Andy Hock: happy to. So I think, look, couple of things are going to happen. First of all, cost pressure, I think, is going to drive innovation. But second, I think in some sense, a lot of the traditional AI work that's been done today has been done on traditional general purpose infrastructure.

And that's one of the big cost factors in innovation, right? So people are building models on large clusters of small, general purpose processors. Those processors are suitable, but they're not optimal for this work. At Cerebrus, we've built a completely new class of processor that's built from the ground up for AI.

And as a result, it's faster. But it's also more efficient.
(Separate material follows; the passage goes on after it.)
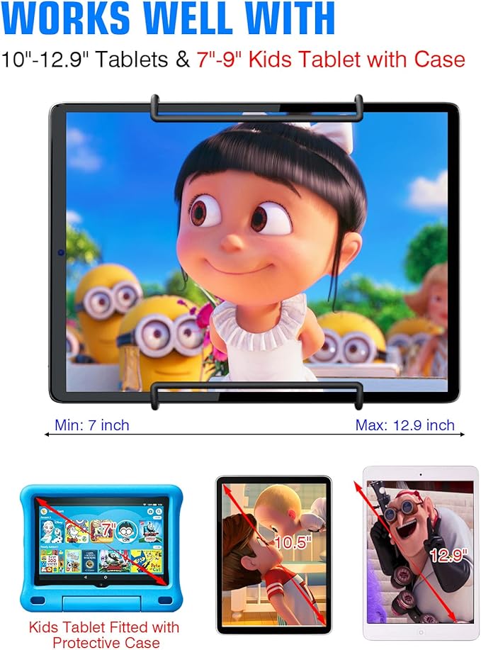 - Compatible Devices : Compatible with 10-12.9 inch Tablets/ iPad Pro Air Mini/ Fire HD Kindle/ Switch, Work with 7"- 9" Fire HD kid tablets fitted with a protective Compatible with 10-12.9 inch Tablets/ iPad Pro Air Mini/ Fire HD Kindle/ Switch, Work with 7"- 9" Fire HD kid tablets fitted with a protective

So that means that if you're, say, training a model, you can go an order of magnitude faster than you could on an equivalent GPU system. And it's going to be more efficient, not only in terms of developer iteration, being able to test more ideas per unit time, but it's also going to be more power efficient underneath the hood.

And then I think given that right infrastructure for AI research, researchers are going to build not just larger models, but they're going to build models that are more efficient and use more efficient methods like sparsity. And given the right processor, you can harness those advantages and turn those natural advantages, sparsity in a neural network into performance advantage and cost savings.
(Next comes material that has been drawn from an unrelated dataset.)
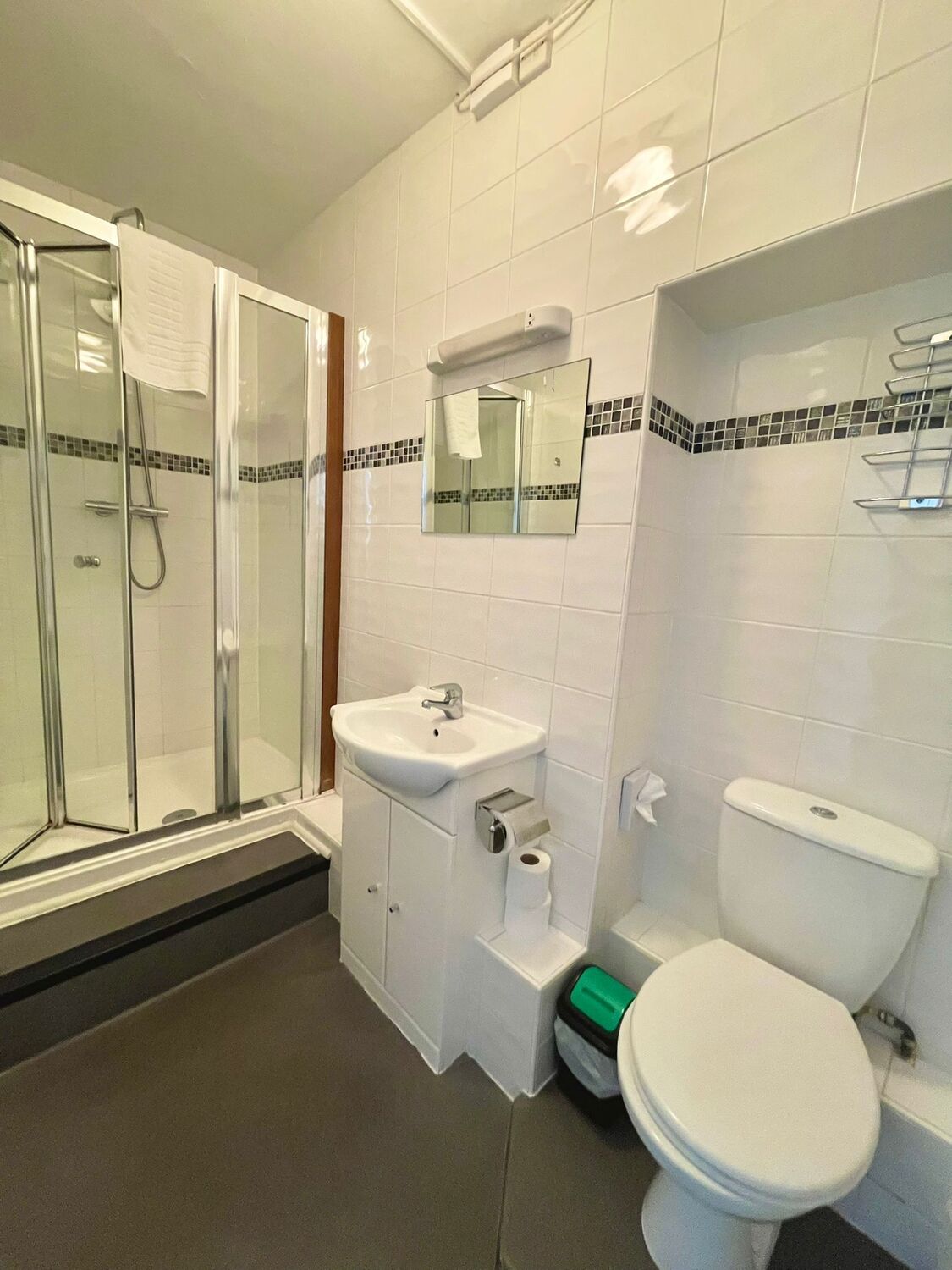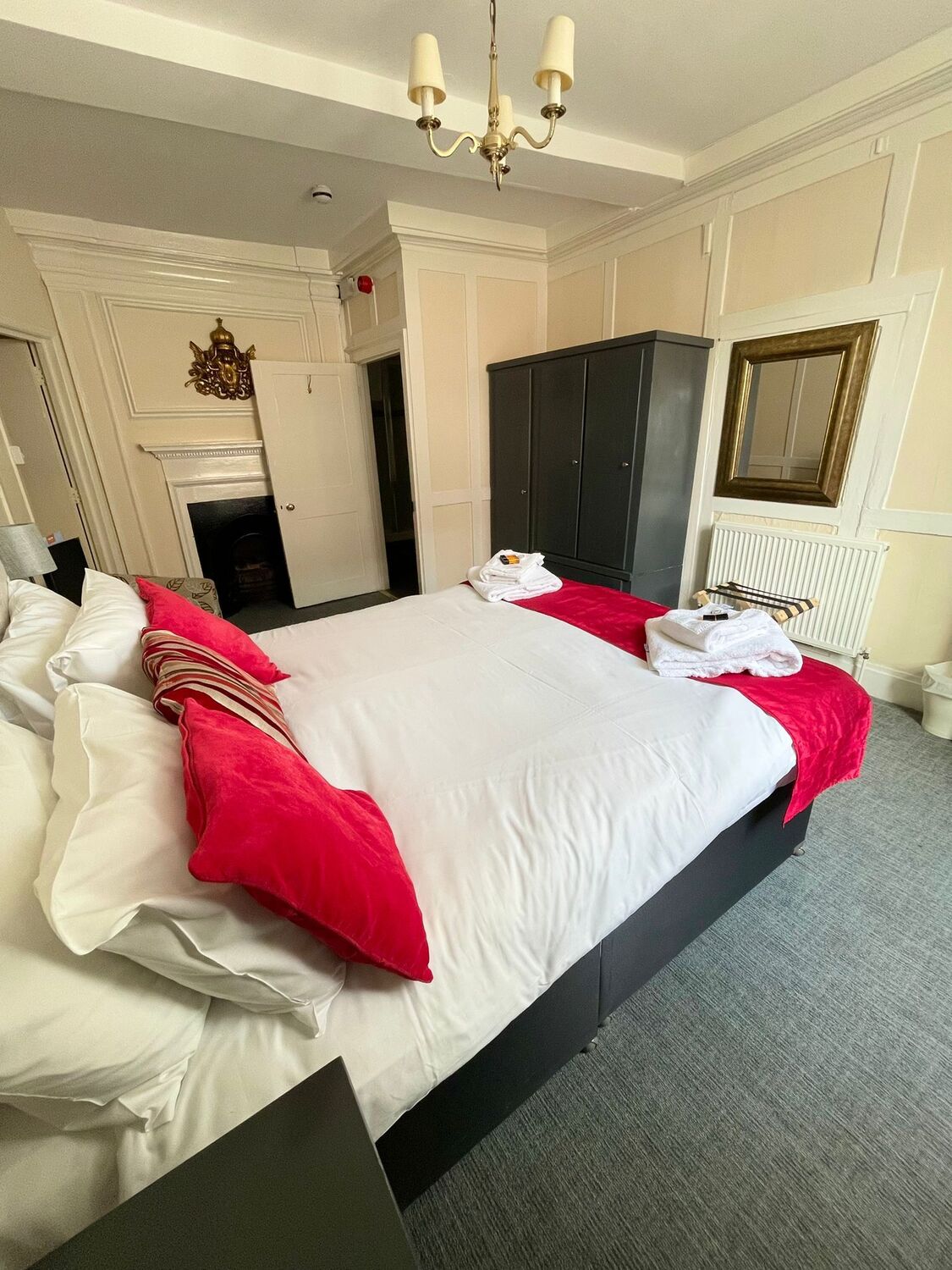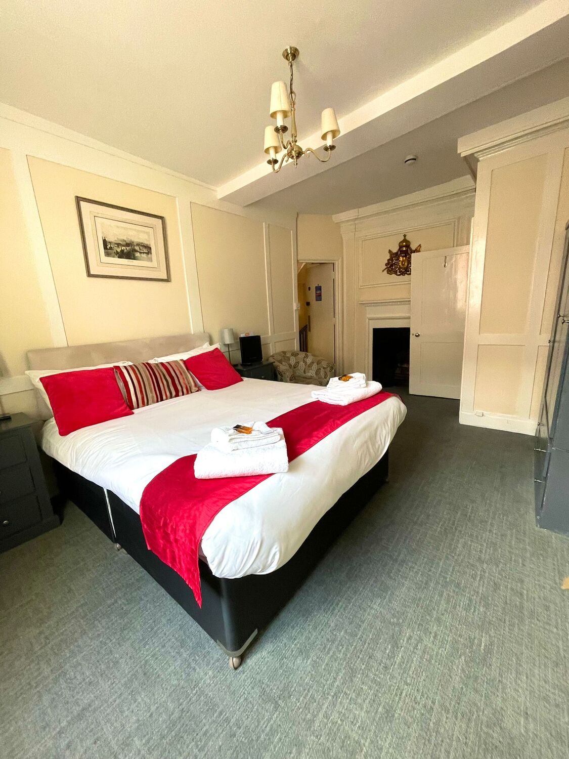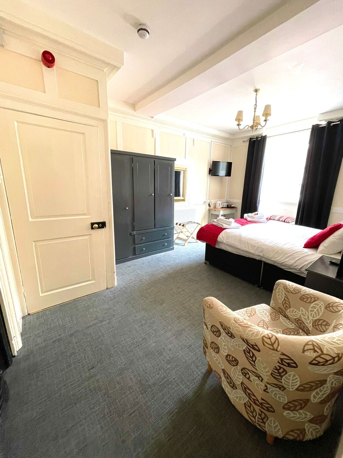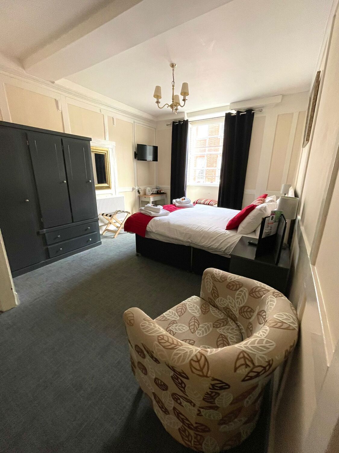 Spacious room with a King size bed, ensuite with double shower and complimentary toiletries. This room has recently been refurbished and is on the first floor overlooking the high street. Amenities include flat screen TV, hairdryer and Tea and Coffee making facilities. Breakfast and Parking are included in room booking. Fans and blankets are available on request.

A practical example of this, and it's something that we're pretty excited about at Cerebrus the very near future, is AI purpose built hardware for inference. And we're launching inference, and just as a data point, right, inference is going to be 20 times faster than GPU. Opening up new applications, but it's only going to be about a third of the cost, given the right infrastructure and new methods, I think cost pressure is going to drive innovation. But the right infrastructure is also going to make it more accessible.

Richie Cotton: Okay, so that's cool that you Not just going for let's try and help the developers. It's also going to be like let's bring this to a sort of wider audience. Now it seemed like, there's sort of two levels here. So you've got the hardware level. You should talk about having custom chips rather than GPUs.
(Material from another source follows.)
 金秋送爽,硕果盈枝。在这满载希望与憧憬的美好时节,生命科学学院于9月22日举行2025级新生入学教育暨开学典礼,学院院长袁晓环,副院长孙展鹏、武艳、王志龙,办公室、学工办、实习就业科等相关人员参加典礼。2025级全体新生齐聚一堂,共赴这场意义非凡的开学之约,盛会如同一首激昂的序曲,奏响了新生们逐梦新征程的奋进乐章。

And then it's also the, some of the software techniques. I'd love to get into both of these. So maybe we go with. hardware first. So what makes these chips different from a GPU?

Andy Hock: At Cerebris, we approached the problem of AI compute from first principles. And what I mean by that is we actually looked the workload of neural network training and inference.

And we asked, okay, what kind of compute operations, what kind of precision, what kind of communication memory access patterns does this work have? And we built our processor around that. So, obviously this chip is, big, Most computer chips are the size of a fingernail or postage stamp. The chip that powers our system is the size of a dinner plate.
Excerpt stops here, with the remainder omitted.